Das suas atividades, qual a que te dá mais prazer?
Escrever ficção. E é também a que me dá mais trabalho. Escrever é muito bom quando tudo está dando certo e muito angustiante quando a história empaca, não anda, ou quando você já escreveu metade de um livro e descobre que não era aquilo que você queria escrever e precisa pensar o que fazer: se tentar consertar ou se abandonar o já escrito e partir pra outra.
Você tem facilidade para falar com o público?
Acho que sim. Nos encontros com leitores, como esses do ótimo projeto Viagem Literária, de que já participei duas vezes (em 2009 e agora), tenho tido sempre boas conversas com o público, que é bastante variado: crianças, adolescentes, adultos, professores, alunos e outros profissionais. Tenho participado de várias feiras literárias país afora e me sinto bem à vontade com o público.
Sou professor de literatura na universidade (UERJ) há mais de 20 anos e essa experiência certamente ajuda nesses momentos.
Gosto muito desse encontro com os leitores reais. Quando estou escrevendo um romance, meu contato é sempre com um leitor imaginário, o leitor fingido. Depois que o livro está publicado, é uma grande alegria conviver, mesmo que por uma ou duas horas, com leitores de carne e osso. Esses encontros rejuvenescem o escritor, dão a ele mais vontade de continuar escrevendo. Pelo menos é o que acontece comigo.

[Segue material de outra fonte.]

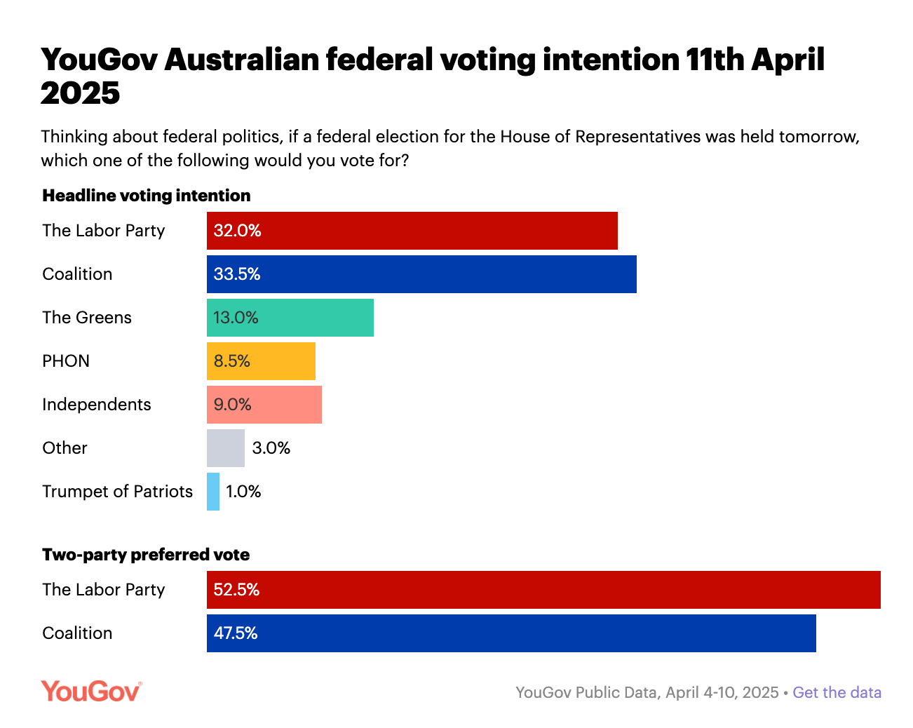 Labor has strengthened its position ahead of the upcoming Federal election, extending its lead over the Coalition to 52.5% - 47.5% in the two-party preferred vote, according to YouGov's latest Public Data poll released today.
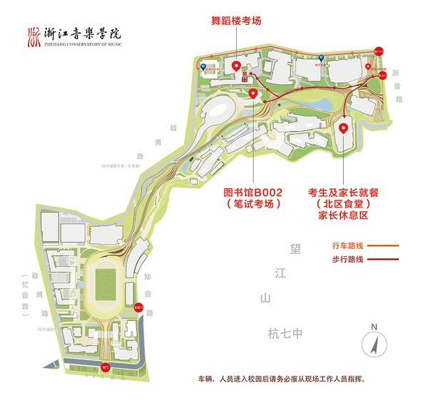 2.如需自驾车辆进入考点,请听从指挥,将车辆停放地下车库,临时接送车辆即停即走;学校周边交通路况复杂,请考生及时了解杭州市区车辆限行规定,选择合适的交通工具提前出行,以免误考。

Como a literatura brasileira é vista atualmente?
Ainda há um certo preconceito da parte do leitor comum, o leitor que não lê profissionalmente mas por prazer, divertimento. Esse mesmo preconceito existiu e existe ainda com o cinema brasileiro por exemplo. É um erro, claro. Tanto o cinema quanto a literatura no Brasil estão atravessando momentos muito bons. No caso da literatura, publiquei um livro em 2005 chamado No país do presente: ficção brasileira no início do século XXI, em que comento 65 obras de ficção brasileira contemporânea de boa qualidade.
E esse fato, o de que se produz hoje uma boa literatura brasileira, começa a ser reconhecido no exterior. Tem aumentado bastante o número de obras brasileiras publicadas no exterior e não por acaso o Brasil foi escolhido como país homenageado na próxima feira de Frankfurt, na Alemanha, uma das mais importantes e tradicionais do mundo.